DATA EXCERPT
+--
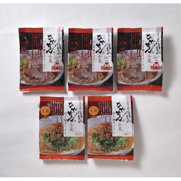 内容:ひでちゃん小麦かに甲羅みそラーメン158g×3、ひでちゃん小麦担々麺ラーメン175g×2
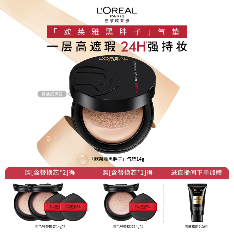 欧莱雅黑胖子气垫bb霜遮瑕控油粉底液持久不脱妆补妆女官方正品
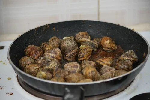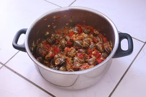 И было очень даже вкусно! На что это похоже? Может быть, на морепродукты... Улиток было так много, что осталось на следующий день :)) Я призвала в помощь интернет, и мы потушили улитки с томатами, предварительно обжаренным луком и чесноком. Так мне они понравились еще больше!
+--
GOAL OF THE EXERCISE
The answer must be an exact copy of the lines from the one with "欧莱雅黑胖子气垫bb霜遮瑕控油粉底液持久不脱妆补妆女官方正品" through the final line above, both ends included, and nothing else; pictures stay out.

OUTPUT OF THE TASK
 欧莱雅黑胖子气垫bb霜遮瑕控油粉底液持久不脱妆补妆女官方正品
 И было очень даже вкусно! На что это похоже? Может быть, на морепродукты... Улиток было так много, что осталось на следующий день :)) Я призвала в помощь интернет, и мы потушили улитки с томатами, предварительно обжаренным луком и чесноком. Так мне они понравились еще больше!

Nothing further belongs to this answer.